Information given =

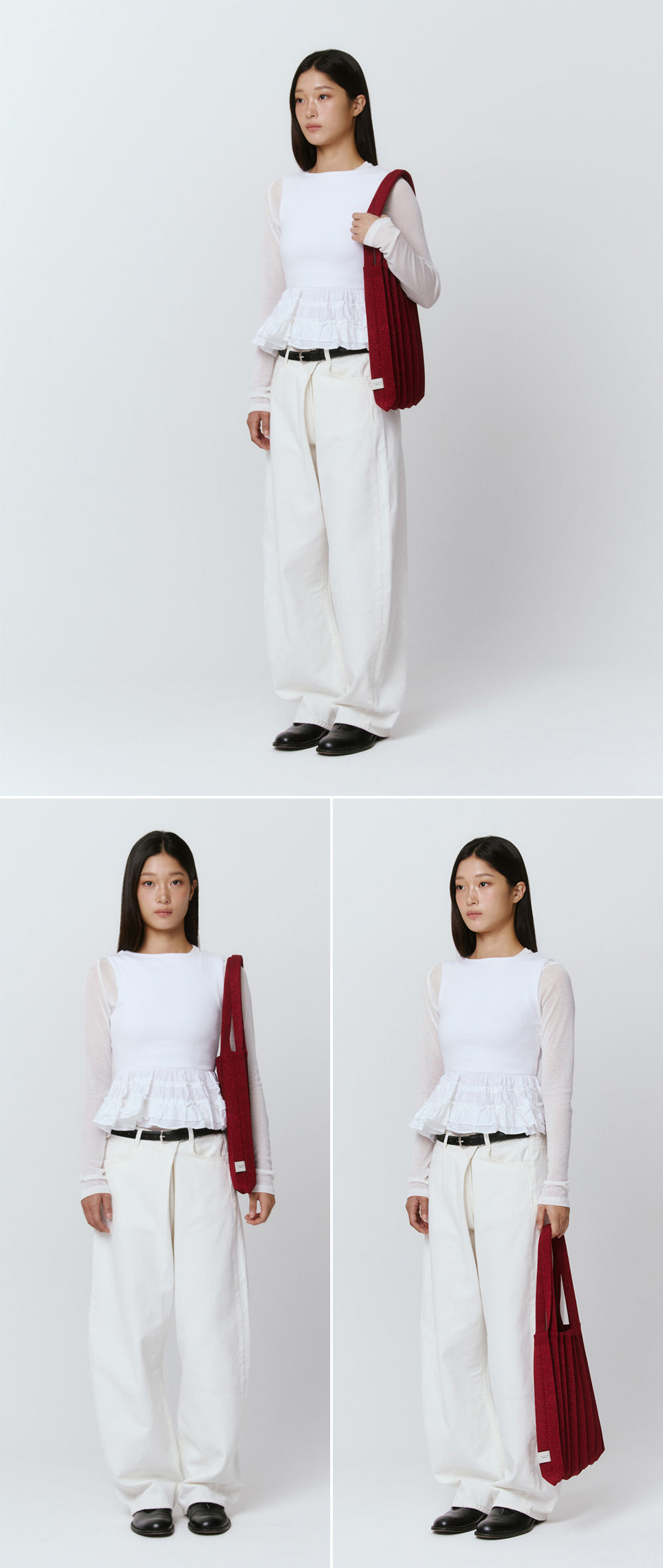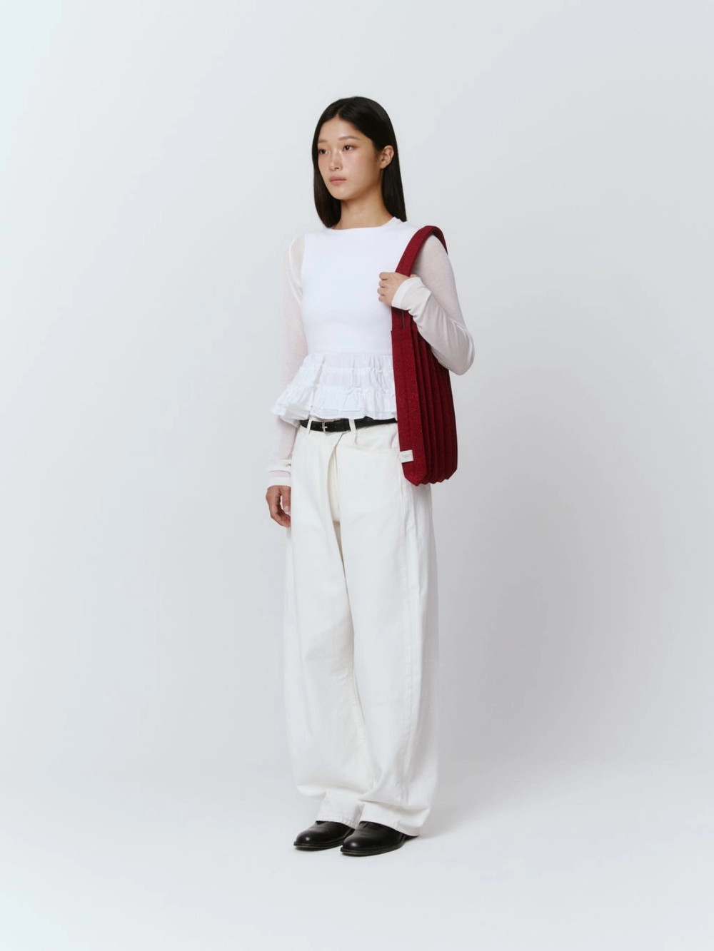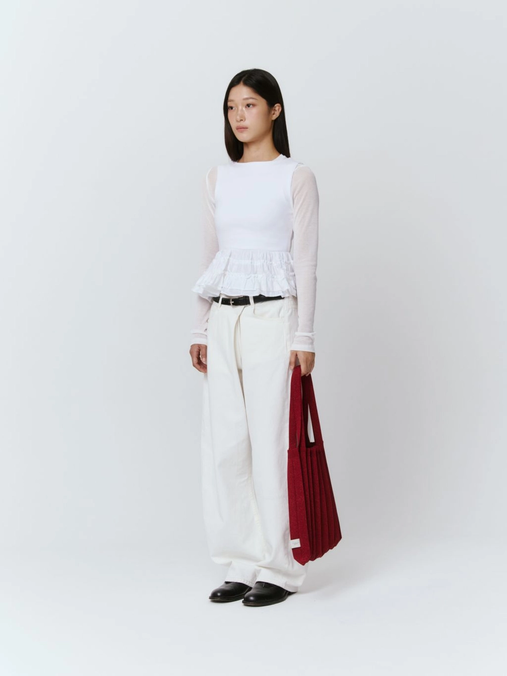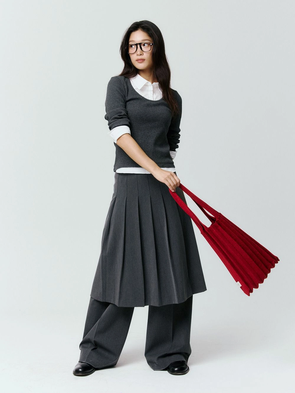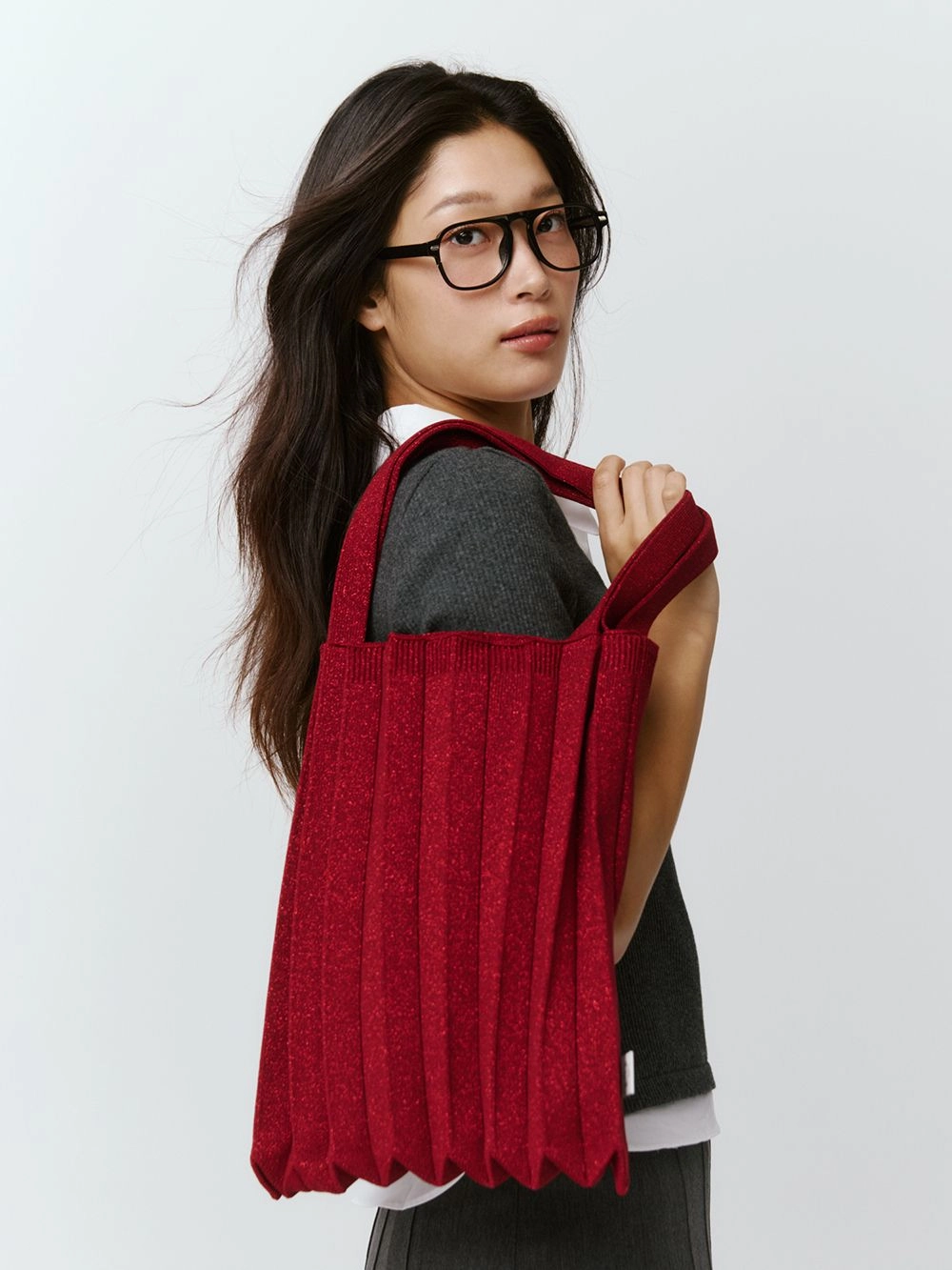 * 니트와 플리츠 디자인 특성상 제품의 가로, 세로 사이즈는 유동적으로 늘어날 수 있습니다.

==

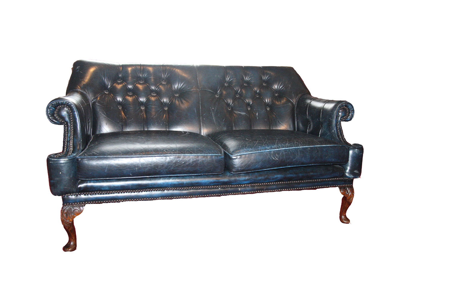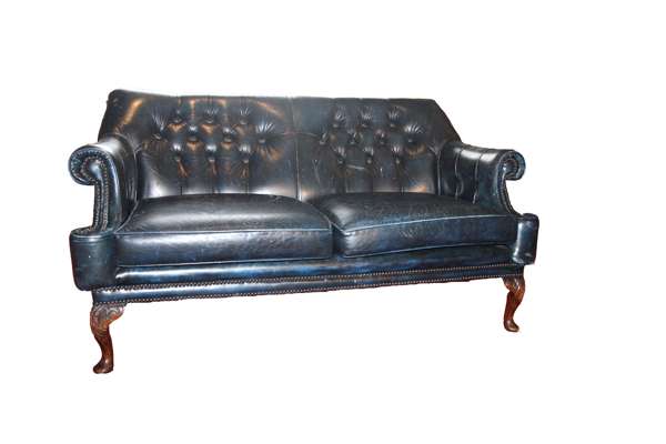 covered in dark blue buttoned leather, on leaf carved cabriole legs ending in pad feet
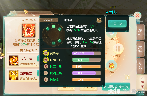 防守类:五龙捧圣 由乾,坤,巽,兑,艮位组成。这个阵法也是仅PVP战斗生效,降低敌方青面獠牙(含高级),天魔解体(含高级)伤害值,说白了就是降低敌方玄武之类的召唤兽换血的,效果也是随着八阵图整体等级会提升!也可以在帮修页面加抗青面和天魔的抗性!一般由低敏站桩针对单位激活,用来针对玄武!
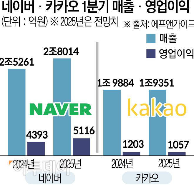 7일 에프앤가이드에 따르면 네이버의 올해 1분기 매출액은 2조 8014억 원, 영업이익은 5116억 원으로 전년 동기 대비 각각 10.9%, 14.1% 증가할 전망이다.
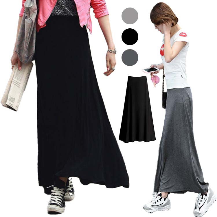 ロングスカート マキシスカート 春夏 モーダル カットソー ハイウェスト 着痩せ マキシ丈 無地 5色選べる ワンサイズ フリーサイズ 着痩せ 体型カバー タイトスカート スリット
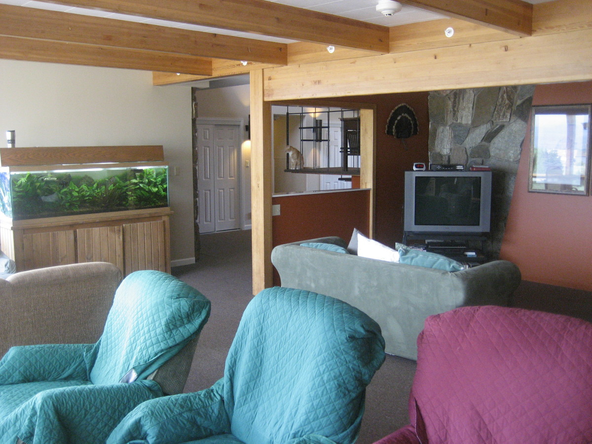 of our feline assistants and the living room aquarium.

The task = Of all the material above, only the lines from the one that has "防守类:五龙捧圣 由乾,坤,巽,兑,艮位" down to the one that has "of our feline" are to be written out, exactly and with both ends included. Pictures are skipped.

Result for this exercise =
 防守类:五龙捧圣 由乾,坤,巽,兑,艮位组成。这个阵法也是仅PVP战斗生效,降低敌方青面獠牙(含高级),天魔解体(含高级)伤害值,说白了就是降低敌方玄武之类的召唤兽换血的,效果也是随着八阵图整体等级会提升!也可以在帮修页面加抗青面和天魔的抗性!一般由低敏站桩针对单位激活,用来针对玄武!
 7일 에프앤가이드에 따르면 네이버의 올해 1분기 매출액은 2조 8014억 원, 영업이익은 5116억 원으로 전년 동기 대비 각각 10.9%, 14.1% 증가할 전망이다.
 ロングスカート マキシスカート 春夏 モーダル カットソー ハイウェスト 着痩せ マキシ丈 無地 5色選べる ワンサイズ フリーサイズ 着痩せ 体型カバー タイトスカート スリット
 of our feline assistants and the living room aquarium.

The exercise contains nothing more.